The Equinox and Solstice festivals (Spring and Autumn, Summer and Winter respectively) are literally moveable feasts. They vary between the 20th and 22nd of March (Spring Equinox), June (Summer Solstice), September (Autumn Equinox) and December (Winter Solstice). The reason for this movement is pretty complicated, but basically the earth goes round itself but it also goes around the sun and there is a bit of ‘wobble’ on the earth’s axis AND a full solar year is not exactly 365 days … so by inserting a leap year extra day we try to keep things roughly on track. But eventually, in several thousand years time, the Northern Hemisphere’s Spring will swap places with the Southern Hemisphere’s Spring. This gradual shift is known as the Precession of the Equinoxes. Truthfully, there’s a great deal more to the Precession than that, but I don’t know all the ins and outs of it all – enlighten me in the comments if YOU do!
The remaining four festivals of Imbolc, Beltane, Lammas and Samhain tend to be celebrated on the first of February, May, August and November respectively. Is that astrologically correct? Is the first of those months exactly on the midpoint between the Solstice and Equinox? Nope. If they were, they would change every year. Not impossible to calculate, but probably only astronomers and astrologers would have access to lots of ephemera, reference information calculating formulae and tools (which is absolutely not me lol!). Or google (which absolutely is me!)

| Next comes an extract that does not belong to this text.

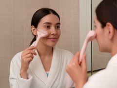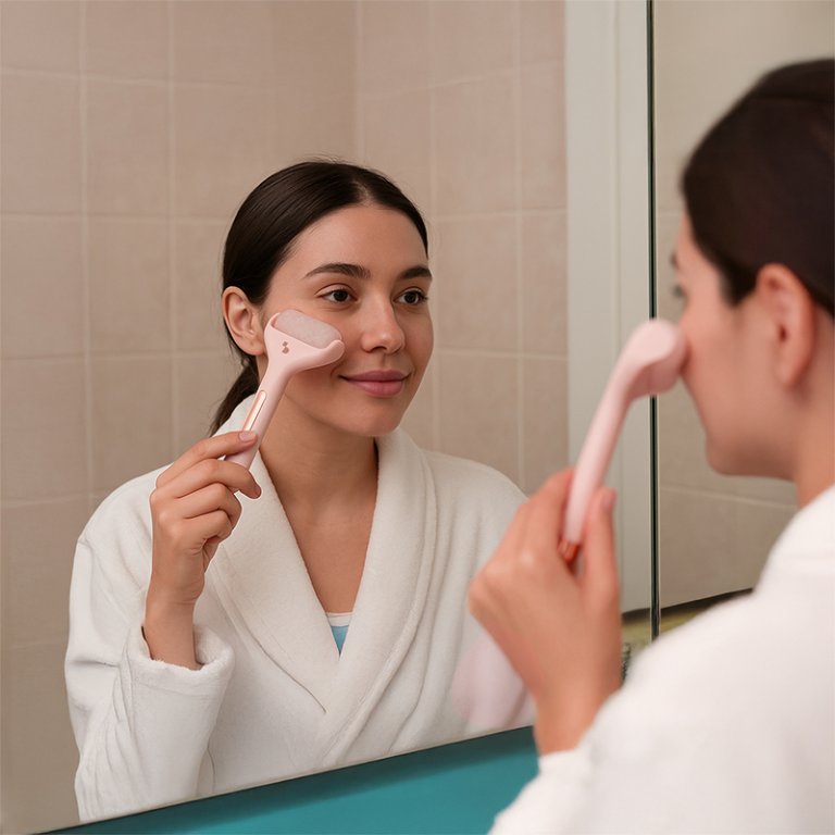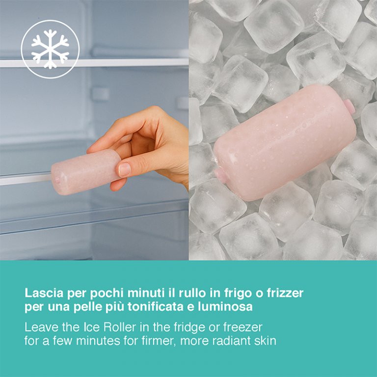 El rodillo de hielo Ice Roller tiene un efecto masajeador y refrescante, favorece la circulación sanguínea y ayuda a suavizar las líneas de expresión, así como a reducir la hinchazón y las ojeras. Al dejar la cabeza del rodillo en la nevera o en el congelador, gracias al efecto helado sobre la piel, los músculos faciales quedan más tonificados y la piel más luminosa, lo que garantiza el alivio del estrés y la tensión. Para un efecto refrescante instantáneo y un uso más rápido, basta con dejar el rodillo en el congelador durante unos minutos. Ideal para aplicar sérums y cremas sobre la piel, favoreciendo su absorción, además de aportar luminosidad, refrescar y revitalizar la piel.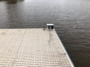 Er is zeer zorgvuldig gekeken naar montagemogelijkheden van deze ‘laseropgans’ en helaas is hiervoor geen andere locatie mogelijk dan op de hoeken van het vlot. Voor de boten die aanleggen en wegvaren kunnen deze apparaten een obstakel vormen. Let dus op wanneer je aanlegt of wegvaart dat je deze apparaten niet raakt.

These four remaining festivals tend to be celebrated (since at least medieval times) on the first of the month because a specific DATE meant that contracts could be agreed, debts settled, unpaid debts pursued etc because the DATE could be easily verified by the most educated person around – the Church priest or minister.

What about prior to medieval times? I’m not sure, but I wouldn’t get stressed about it at all. Calendars are artificial markers of time and not all calendars are the same. For example – when you are talking about the first day of Spring, is that the first day of astronomical spring, ritual spring or meteorological Spring? On which hemisphere?!

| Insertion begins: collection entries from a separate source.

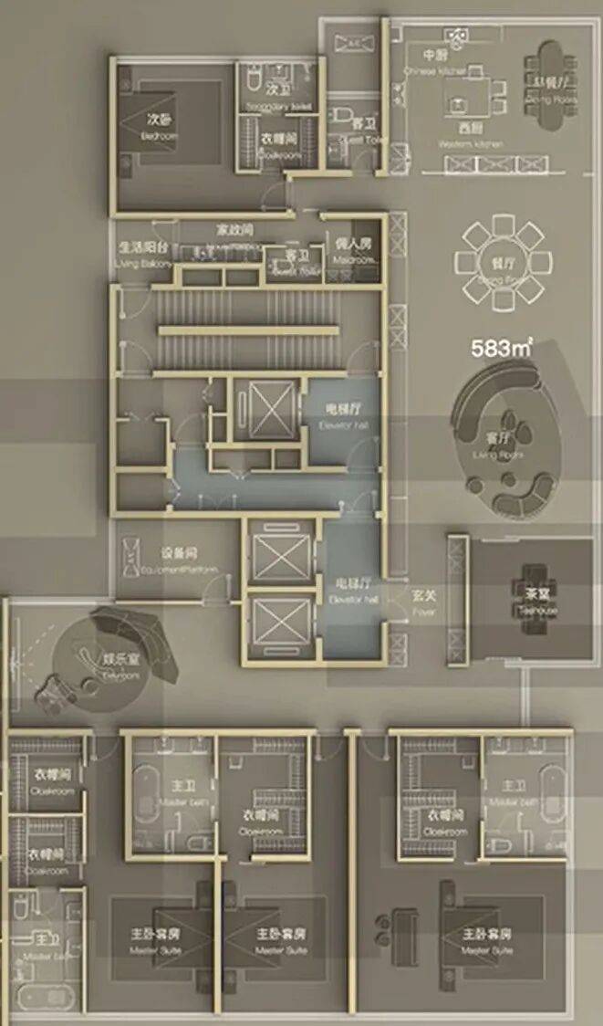 建面约583㎡五室两厅六卫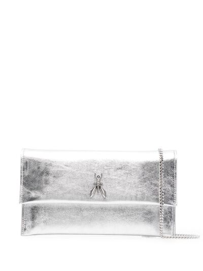 silver leather silver-tone hardware metallic effect foldover top chain-link shoulder strap main compartment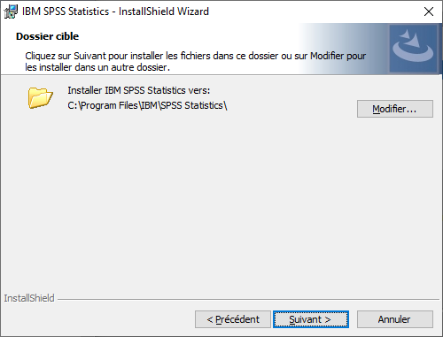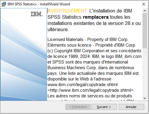 2. À l'écran IBM SPSS Statistics - InstallShield Wizard, appuyer sur le bouton Suivant

Even when you have settled on the date that you want to celebrate your festival, when exactly do you do it on the day?
For me, for the festivals of Imbolc, Beltane, Lammas and Samhain it’s from dusk the night before until dusk on the day. I went to the Beltane Fire Society celebration in Edinburgh one year and it began at dusk on the 30th of April. If it’s good enough for them, it’s good enough for me! As far as the Solstices and Equinoxes are concerned – I celebrate them on the day!

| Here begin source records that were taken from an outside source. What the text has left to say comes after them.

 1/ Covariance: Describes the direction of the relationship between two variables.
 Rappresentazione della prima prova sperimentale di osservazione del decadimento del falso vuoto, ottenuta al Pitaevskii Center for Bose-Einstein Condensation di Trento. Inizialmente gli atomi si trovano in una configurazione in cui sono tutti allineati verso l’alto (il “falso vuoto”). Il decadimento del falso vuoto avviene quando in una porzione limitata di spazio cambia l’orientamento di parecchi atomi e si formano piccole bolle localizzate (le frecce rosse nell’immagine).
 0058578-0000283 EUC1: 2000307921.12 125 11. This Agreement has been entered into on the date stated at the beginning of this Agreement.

The point of this blog post is to show that the absolutely correct day for all eight of the festivals CAN be worked out from first principles if you have the right resources (and endless time!). Or you can use Google. Or you could go with the fairly standard practice of celebrating the Solstices and Equinoxes on the days that they occur (which changes) and celebrate the other four on their traditional dates of the first of the month.
The trick is not to get too caught up in the fact that what YOU do might be different from when *I* do it. Which might be different again to when friends on-line celebrate a particular festival. It’s not worth an argument, that’s for sure! Tolerance of different approaches is always a good thing in life.
When do you celebrate the festivals?